Did that FMLA certification arrive illegible? Is the information provided too vague? Are the responses to the questions internally inconsistent? Do you suspect that it wasn’t filled out by a healthcare provider at all?

Employers navigating the FMLA maze – especially those who outsource the function – may not get the information they need in the certification. Many simply accept what they receive and designate the leave as FMLA without sufficient documentation. But that can hamper an employer’s legitimate efforts to work with an employee who has a medical condition down the road. Yes, it’s challenging, but it’s worth making sure the FMLA documentation you receive meets the statutory requirements.

First, when an employer becomes aware that an eligible employee has a potentially FMLA-qualifying condition, the employer should not wait for the employee to ask for leave. Once the employer is on notice, the employer should send the employee the Department of Labor’s Form WH-380 Certification of Health Care Provider and include with that form a description of the employee’s essential job functions. That job description is critical, as you are asking the doctor to advise whether the employee is incapacitated or needs intermittent leave or a part-time schedule, or whether the employee may experience episodic flare-ups that would periodically prevent the employee from performing the employee’s job functions. To answer that, the doctor needs to know what those job functions are.

The content of WH-380 Certification is supposed to include medical facts sufficient to support the need for leave, and information sufficient to establish that the employee cannot perform the essential functions of the employee’s job, as well as the nature of any other work restrictions and the likely duration of such inability. 29 C.F.R. § 825.306. If the employee is asking for intermittent leave, the completed form is supposed to provide sufficient information to establish the necessity for such intermittent leave or reduced schedule and an estimate of the dates of duration of such treatments or the periods of recovery. At the time the employee requests certification, the employer must also advise the employee of the anticipated consequences of failure to provide adequate certification.

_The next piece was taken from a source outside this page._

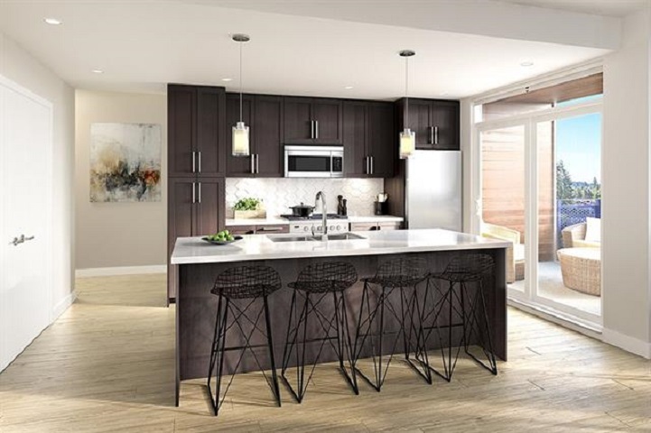 Beautiful and desirable Mill Lake District in Abbotsford! Built by Heinrichs Development, this sold out community offers modern architecture and natural surrounds, inspired by green technology. 2 bed/2 bath CORNER unit with open concept design, brushed oak wide-plank engineered hardwood floors, shaker-style cabinetry, quartz countertops, stainless steel appliances, side by side full-size washer & dryer, central air conditioning, deep-set soaker bathtubs, frameless glass shower with rainfall shower heads, gas connection for barbecue on private covered balcony - all in resort style living by Mill Lake. Completion est. Dec 2018 - March 2019. This is an assignment of contract sale. Comes with 1 parking and 1 storage locker.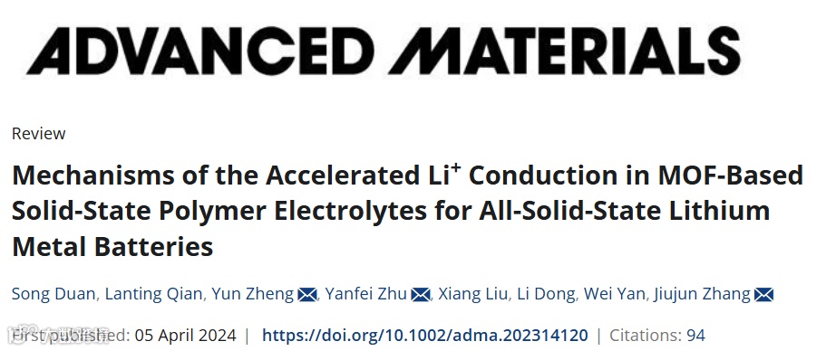 S. Duan, L. Qian, Y. Zheng*, Y. Zhu*, X. Liu, L. Dong, W. Yan, J. Zhang*, “Mechanisms of the Accelerated Li+ Conduction in MOF-Based Solid-State Polymer Electrolytes for All-Solid-State Lithium Metal Batteries”, Adv. Mater. 2024, 36, 2314120.

Employers should keep in mind that a certification is considered insufficient if the information provided is vague, ambiguous or non-responsive. An employer may contact the health care provider to seek authentication or clarification of the certification, but must first give the employee the opportunity to cure any deficiencies. The employer must notify the employee in writing what additional information is necessary to make the certification sufficient. The employer must provide the employee with seven calendar days (unless not practicable, even if the employee acts in good faith) to cure such deficiency. 29 C.F.R. § 825.305

Let’s say a pediatric medical assistant six months into a high-risk pregnancy stops coming to work and seeks FMLA leave. She submits a certification from her provider which says that she is not currently incapacitated, but will be incapacitated for a single continuous period of time for six weeks post-delivery. However, the form also says she cannot do several of the essential functions of her job, including lifting, reaching, bending, standing or walking. The form is ambiguous since it says that she is not incapacitated, but the restrictions also make clear that she cannot perform the essential functions of the job. However, the employer cannot simply deny the leave, or send it back to the employee and say it is insufficient. The employer must notify the employee in writing what additional information is necessary to make the certification sufficient. The employer should explain in writing the internal inconsistency and ask the employee to have the doctor clarify whether she is currently unable to perform the essential functions of her job and therefore is incapacitated and needs full-time leave, or, alternatively, whether she is able perform the essential functions of her job and if so, whether there are any restrictions.  The employer needs to give her seven days to cure the deficiency. If the employee fails to do so, then the employer may deny FMLA leave. 29 C.F.R. § 825.305

Once the employer has given the employee the opportunity to cure, if the certification is still not sufficient, the employer may seek “clarification” by contacting the healthcare provider, but must use a healthcare provider, human resources professional, leave administrator or a management official to do so. The employee’s direct supervisor may not contact the employee’s health care provider under any circumstances.

Let’s say the certification provided is not internally inconsistent, but instead looks like it was filled out by the employee, not a healthcare provider. An employer is permitted to seek “authentication” by “providing the health care provider with a copy of the certification and requesting verification that the information contained on the certification form was completed and/or authorized by the health care provider who signed the document.” Again, the employer’s attempts to authenticate must be made by a health care provider, human resources professional, leave administrator, or management official.

All contact between the employer and the health care provider must comply with the requirements of the Health Insurance Portability and Accountability Act.

Complying with the FMLA and other leave laws requires navigating a minefield. Employers facing FMLA leave issues should consider consulting experienced labor and employment counsel.